Music critics described the production as dark, dense, and moody. Some reviews deemed "Don't Blame Me" an album highlight, while some others regarded it as generic. After becoming viral on TikTok in 2022, the song charted in several territories, peaking in the top 20 in Australia, Norway, and Singapore. It has been certified multi-platinum in Australia, New Zealand, and the UK. Swift performed "Don't Blame Me" on the Reputation Stadium Tour (2018) and the Eras Tour (2023–2024).

==Background==
Taylor Swift released her fifth studio album, 1989, in October 2014 to commercial success. The album sold over six million copies in the U.S. and spawned three Billboard Hot 100 number-one singles: "Shake It Off", "Blank Space", and "Bad Blood". Swift continued to be a major target of tabloid gossip during the promotion of 1989. She had short-lived romantic relationships with Scottish producer Calvin Harris and English actor Tom Hiddleston. Her reputation was blemished from publicized disputes with other celebrities, including rapper Kanye West, media personality Kim Kardashian, and singer Katy Perry. Swift became increasingly reticent on social media, having maintained an active presence with a large following, and avoided interactions with the press amidst the tumultuous affairs.

She conceived her sixth studio album, Reputation, as an answer to the media commotion surrounding her celebrity.
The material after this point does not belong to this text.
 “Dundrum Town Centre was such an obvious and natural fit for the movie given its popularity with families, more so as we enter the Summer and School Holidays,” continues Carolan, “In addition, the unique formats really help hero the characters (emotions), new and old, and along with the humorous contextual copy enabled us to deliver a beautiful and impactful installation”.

Describing the album as "cathartic", Swift followed the songwriting for her 2014 single "Blank Space", on which she satirized her perceived image. She said: "I took that template of, OK, this is what you're all saying about me. Let me just write from this character for a second." The final cut of Reputation consists of 15 tracks, all of which Swift co-wrote.

==Composition==
"Don't Blame Me" was written by Swift and its producers, Max Martin, and Shellback. Both Martin and Shellback played keyboards, and the latter played guitar. Swift and Martin provided background vocals. Sam Holland and Michael Ilbert, with engineering assistants Cory Bice and Jeremy Lertola, engineered the track at MXM Studios in Los Angeles and Stockholm. It was mixed by Serban Ghenea at MixStar Studios in Virginia Beach, Virginia, and mastered by Randy Merrill at Sterling Sound Studios in New York City.
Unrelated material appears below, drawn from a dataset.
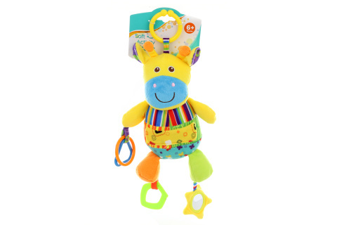Závěsná žirafa s kousátkem, kroužky a kapsičkou na bříšku, ručičky jsou šustící pro rozvoj sluchu. Rozměry žirafy 19 x 26 cm. Rozměry balení cca 30 x 18 x 7 cm. Věk 6 měsíců + číst celé

"Don't Blame Me" combines electropop and EDM; Ken Tucker of NPR described the genre as "gospel pop", and Alan Corr of RTÉ wrote that the track had an "industrial gospel" freel. Rolling Stone's Rob Sheffield characterized it as "moody 'bad girl goes to church', a sound that recalls Madonna's "Like a Prayer" (1989). Hannah Mylrae from NME described the production as "thundering, foot-stomping, fist-pumping". The song is accompanied by a dark, moody electronic production and a "church-y sound" for the refrain. Its instrumentation includes pulsing drums, surging synthesizers, a heavy bass, and distorted, multitracked vocals. Spins Monique Mendelez compared its "thunderous gothic church soundscape" to the sound of Hozier's "Take Me to Church" (2013). Alexis Petridis from The Guardian found the track's chord progression to be similar to that on Britney Spears's "...Baby One More Time" (1998).

For the lyrics, media publications interpreted "Don't Blame Me" as Swift's unapologetic attitude reflecting her reputation as a songwriter who mostly wrote about love and past relationships. Swift hints at "how crazy her newest lover made her". In the song, she also replies to the criticism she endured for singing about her relationships. She understands the concept of consequence as she declares her love. She uses religious imagery, "I would fall from grace / Just to touch your face" and makes references to addiction ("Oh, lord save me, my drug is baby"). Neil McCormick from The Daily Telegraph interpreted the song as a contemplation on whether love can survive in the presence of media scrutiny. In the South African edition of GQ, Bernd Fischer thought the song shows a more vulnerable side of Swift despite its title suggesting otherwise. The track also contains a reference to The Great Gatsby where Swift refers to herself as "your Daisy".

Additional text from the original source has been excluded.